Once the pictures are set aside, transcribe each line of the listing exactly.

** Supplied material follows **

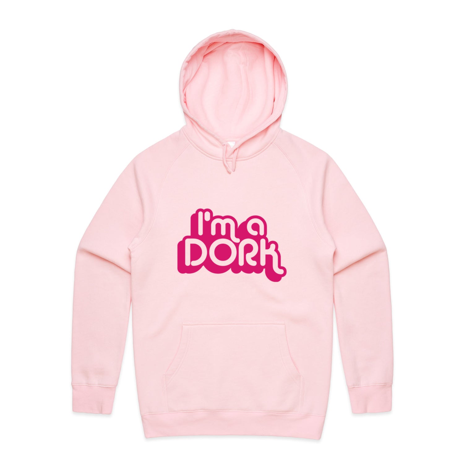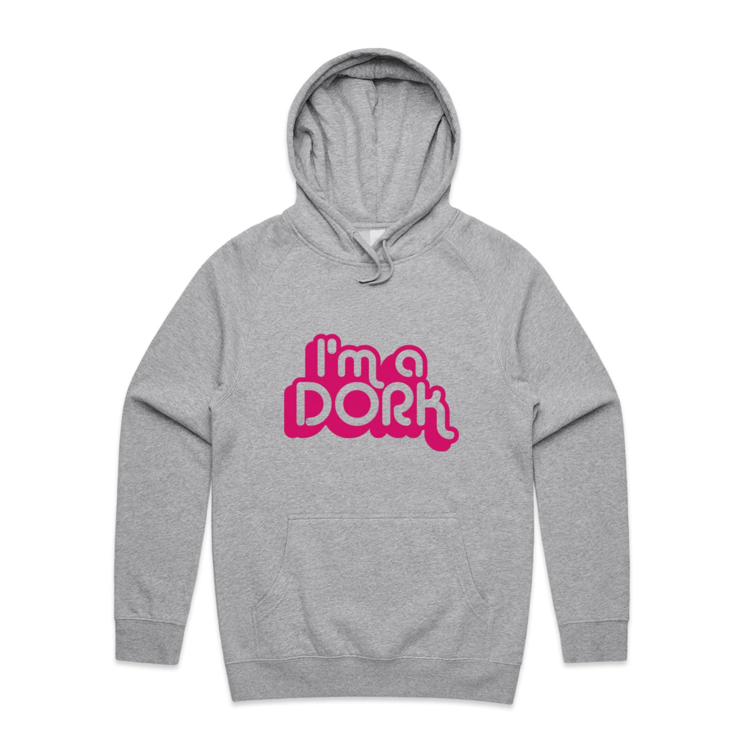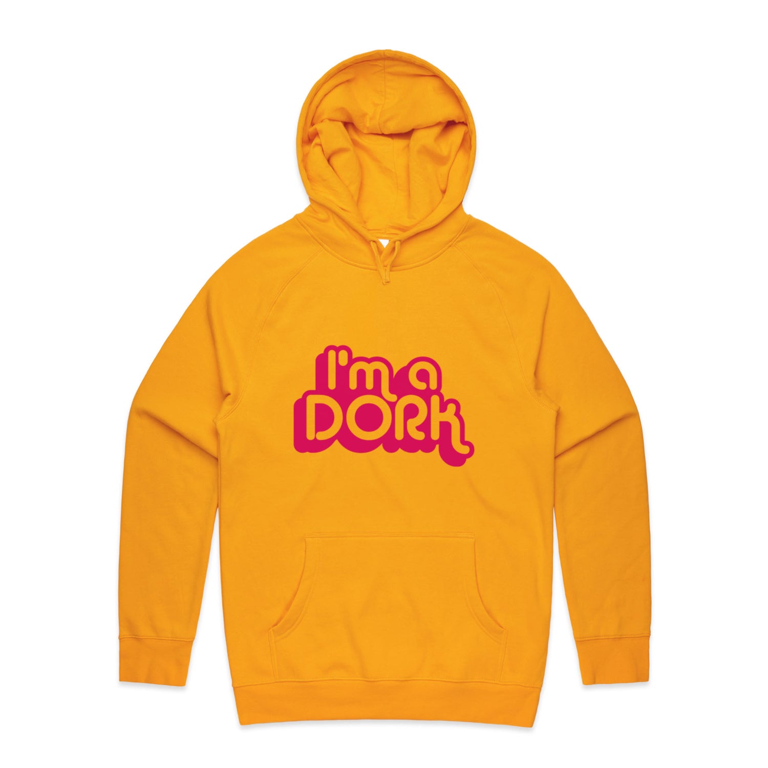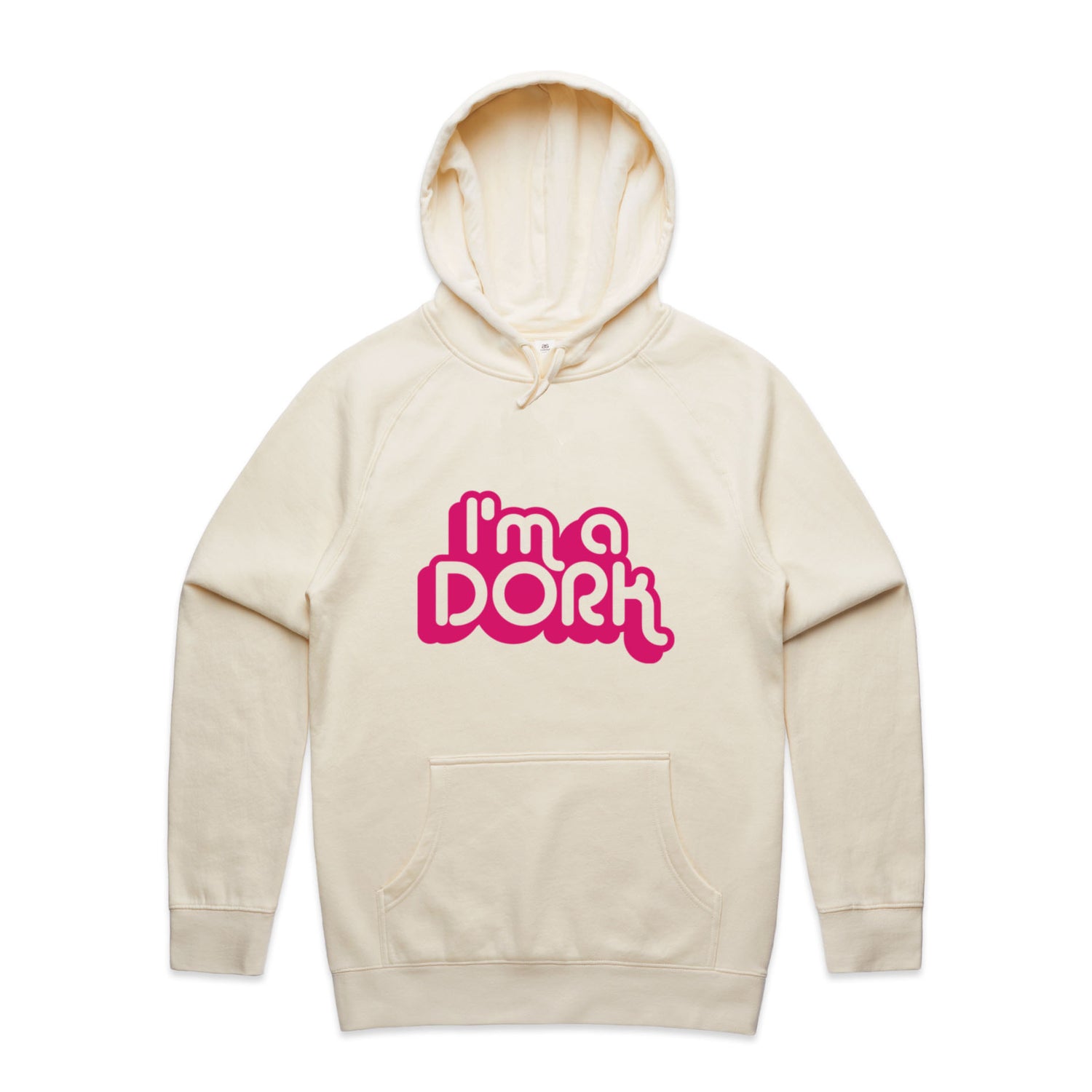 The Hoodies I'm a Dork – Men's Hooded Sweatshirt is a high-quality men's hooded sweatshirt, printed with pink ink on the trusted AS Colour Supply Hood 5101. With a regular fit and mid-weight feel, it's crafted from a premium blend of 80% cotton and 20% polyester anti-pill fleece, making it a durable and comfortable staple for any wardrobe. The pullover design features raglan sleeves, a lined hood with tonal drawcord, ribbed sleeve cuffs, and a roomy kangaroo pocket — all designed to keep you warm while looking effortlessly sharp.
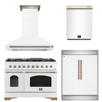 FORNO Espresso Package - 48" Dual Fuel Range, Range Hood, 60" Refrigerator, Dishwasher in White with Antique Brass Accents
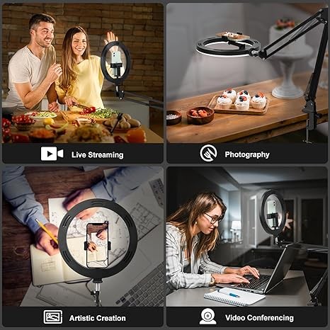 Upgrade Ring Light Overhead Phone Mount, Evershop Selfie Ring Light with Stand and Phone Holder,10”Circle LED Desk Ring Light with Clamp for Video Recording,Zoom Meeting,Live Streaming Tiktok,YouTube
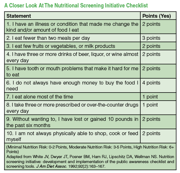 According to a study produced by Wissing and colleagues, patients who live by themselves (common in our elderly patients) are often malnourished as they may eat fewer meals or foods of lesser nutritional value.1 Clinicians may evaluate the nutrition of patients and their level of isolation through a series of standardized questionnaires (see “A Closer Look At The Nutritional Screening Initiative Checklist” at left and “A Guide To The Simplified Nutritional Appetite Questionnaire” below at right), or by interviewing patients as a part of the initial history taking. Clinicians play an influential role in nutrition intervention when a patient is susceptible to malnutrition, a condition that encompasses poor food selection or inappropriate caloric intake.1

** End of Supplied material **

Answer below:
 The Hoodies I'm a Dork – Men's Hooded Sweatshirt is a high-quality men's hooded sweatshirt, printed with pink ink on the trusted AS Colour Supply Hood 5101. With a regular fit and mid-weight feel, it's crafted from a premium blend of 80% cotton and 20% polyester anti-pill fleece, making it a durable and comfortable staple for any wardrobe. The pullover design features raglan sleeves, a lined hood with tonal drawcord, ribbed sleeve cuffs, and a roomy kangaroo pocket — all designed to keep you warm while looking effortlessly sharp.
 FORNO Espresso Package - 48" Dual Fuel Range, Range Hood, 60" Refrigerator, Dishwasher in White with Antique Brass Accents
 Upgrade Ring Light Overhead Phone Mount, Evershop Selfie Ring Light with Stand and Phone Holder,10”Circle LED Desk Ring Light with Clamp for Video Recording,Zoom Meeting,Live Streaming Tiktok,YouTube
 According to a study produced by Wissing and colleagues, patients who live by themselves (common in our elderly patients) are often malnourished as they may eat fewer meals or foods of lesser nutritional value.1 Clinicians may evaluate the nutrition of patients and their level of isolation through a series of standardized questionnaires (see “A Closer Look At The Nutritional Screening Initiative Checklist” at left and “A Guide To The Simplified Nutritional Appetite Questionnaire” below at right), or by interviewing patients as a part of the initial history taking. Clinicians play an influential role in nutrition intervention when a patient is susceptible to malnutrition, a condition that encompasses poor food selection or inappropriate caloric intake.1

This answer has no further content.